Lanxess AG
- Type: Aktiengesellschaft (Public)
- Traded as: FWB: LXS; MDAX Component;
- Industry: Chemicals
- Predecessor: Bayer Chemicals
- Founded: 1 July 2004; 22 years ago
- Headquarters: Cologne, Germany
- Key people: Matthias Zachert [de] (CEO and Chairman of the Board of Management); Rolf Stomberg (Chairman of the Supervisory Board);
- Products: polymers, intermediates and specialty chemicals
- Revenue: €7.2B (2018)
- Operating income: ▲€464 million (2016)
- Net income: ▲€192 million (2016)
- Number of employees: 14,000
- Website: lanxess.com

= Lanxess =

German chemical company

Lanxess AG is a German specialty chemicals company based in Cologne, Germany. It was founded in 2004 after Bayer AG spun off its chemicals division and parts of its polymers business.

== History ==
The company's roots trace back to 1863, with the founding of Bayer AG. In November 2003, as part of a major restructuring, the Bayer Group decided to spin off a significant portion of its chemical activities, along with approximately one-third of its polymer business, into an independent entity.

Lanxess internally established its new structure on 1 July 2004. In November 2004, at an Extraordinary General Meeting of Bayer AG in Essen, over 99 percent of the capital present voted in favor of the spin-off of Lanxess from Bayer.

Lanxess AG shares were listed on Germany’s DAX from 24 September 2012 to 21 September 2015, and are currently part of MDAX, a mid-cap index.

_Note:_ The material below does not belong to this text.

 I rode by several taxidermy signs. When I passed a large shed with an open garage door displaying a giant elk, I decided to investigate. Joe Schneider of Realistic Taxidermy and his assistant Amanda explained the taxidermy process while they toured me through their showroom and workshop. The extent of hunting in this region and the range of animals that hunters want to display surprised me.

The company is also listed on the Dow Jones Sustainability Index and FTSE4Good Index.

In 2016, the company shifted its focus to the market for additives, specifically for lubricants and fire retardants, through the acquisition of Chemtura and by placing its rubber business into a joint venture with Aramco.

In February 2020, Lanxess acquired Brazilian biocide manufacturer Itibanyl Produtos Especiais Ltda. (IPEL).

In July 2022, Lanxess finalized its acquisition of International Flavors & Fragrances' microbial control unit for US$1.3 billion.